Тактический ядерный заряд в полкилотонны вблизи от военной базы во
Фраскати. Радиоподрывники на местах. На завтра италийцы акций не ожидают -
объявление дадим в семь утра, за полчаса до взрывов. На эвакуацию им
хватит.
Зеев впервые услышал, что, кроме обычных мин, установлен и
тактический ядерный заряд. Он знал, конечно, что в Обществе существуют
секретные секции, что задавать кое-какие вопросы нельзя, он и не задавал,
но хотел бы все же знать, каким образом людям Амитая удалось заполучить
компоненты плутониевой бомбы, собрать ее - не говоря уж о том, чтобы
доставить на место! Иногда ему казалось, что он завидует Амитаю - не
столько его молодости (какой смысл завидовать тому, что определяется
только волей Творца?), сколько способности принимать неожиданные решения,
самоуверенной силе в лучшем смысле понятия "самоуверенность". Задумавшись,
он пропустил несколько фраз и поймал конец предложения рава Штейнгольца:
- ...А в семь пятьдесят я выступлю по радио и объясню причины акции.
- И италийская полиция тут же просчитает твой голос, - резко сказал
Марк, - и им понадобится ровно полчаса, чтобы тебя арестовать!
- Нет, - покачал головой рав, - я буду говорить голосом их так
называемого президента Ливия Тацита. Неужели ты думаешь, Марк, что наши
ученые не могут сделать то, на что способен выпускник любого компьютерного
колледжа?
Марк, судя по всему, сомневался в способностях выпускников колледжей,
но возражать не стал - в конце концов, раву виднее. Проголосовали и быстро
разошлись - время поджимало. По дороге домой Зеев заскочил в магазин,
единственный в районе новостроек, который работал, когда италийцы
закрывали территории Тосканы и Умбрии. Магазин был уже пуст, у входа стоял
армейский патруль, и офицер-италиец демонстративно показал Зееву на часы -
до начала комендантского часа оставалось десять минут.
Кипя от злости, Зеев купил хлеба и молока и припустил по улице будто
заяц, убегающий от волка. Стыдно. Ничего, за мой сегодняшний стыд, - думал
он, - вы ответите сполна. И вы, и дети ваши.

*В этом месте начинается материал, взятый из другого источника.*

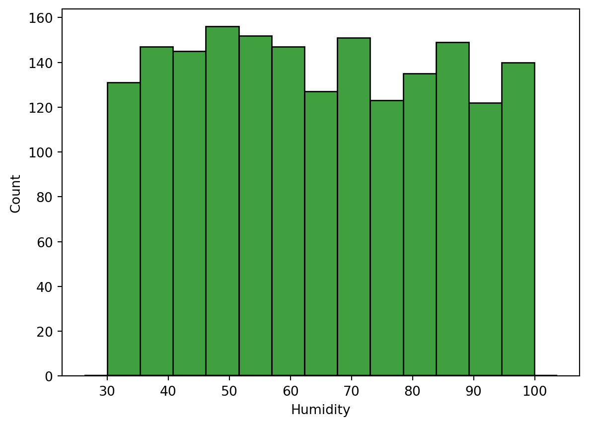 sns.histplot(weather_df['Humidity'], kde=False, color='green', label='Humidity')
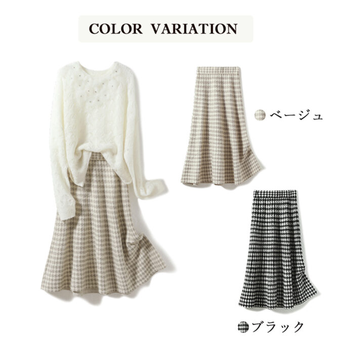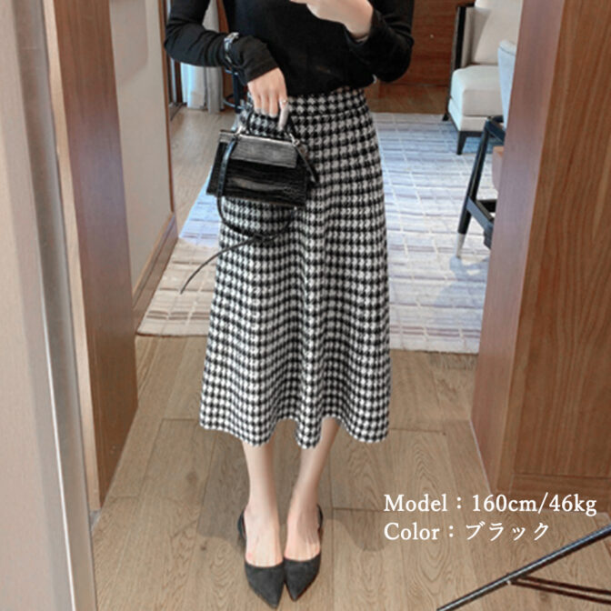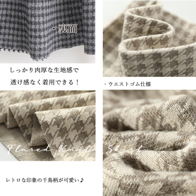 千鳥格子柄フレアニットスカート 全2色
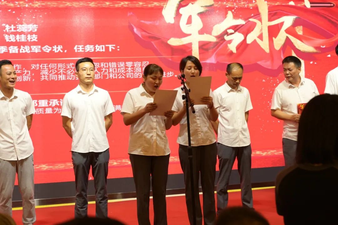 為有效推動(dòng)全江年度戰(zhàn)略目標(biāo)的實(shí)現(xiàn)所有部門負(fù)責(zé)人簽發(fā)旺季“備戰(zhàn)”軍令狀彰顯了他們對(duì)旺季工作的決心和信心相信在全公司各部門的共同努力下旺季工作取得圓滿成功為全江年度戰(zhàn)略目標(biāo)的實(shí)現(xiàn)打下堅(jiān)實(shí)的基礎(chǔ)!
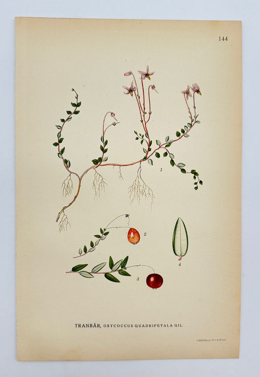 Antique Print - Carl Lindman - Small Cranberry - Oxycoccus Quadripetalus - F4

В дом он, однако, вошел степенно, как подобает хозяину. Дети играли в
своей комнате, судя по всему, на компьютере - было относительно тихо. На
кухне жена его Хая сидела за столом напротив Далии Шаллон, одетой во все
черное - обе женщины плакали.
"Все не так, - подумал Зеев недовольно, - ей шиву сидеть по сыну, а
она разгуливает. Мало того, теперь еще и ночевать останется, шестой час
уже..."
Он положил на стол пакет с хлебом и молоком и собрался было тихо
выйти, но Далия подняла на него красные от слез глаза и сказала неожиданно
твердым голосом:
- Завтра возьмешь меня с собой.
И чтобы слова звучали более весомо, чуть приподняла черную пелерину,
спадавшую с плеч, - Зеев увидел висящий в кобуре пистолет.
ДИСК ВТОРОЙ. ИТАЛИЙЦЫ
Голова у министра была перевязана, а к левому локтю спускался от
капельницы тонкий шланг. Впрочем, цвет лица у Гая Туллия, несмотря на
ранение, остался великолепным, а голос - столь же зычным. Светоний Квинт,
пресс-атташе Президента, внимательно оглядел палату в поисках каких-нибудь
упущений, не обнаружил изъянов и повернулся к раненому.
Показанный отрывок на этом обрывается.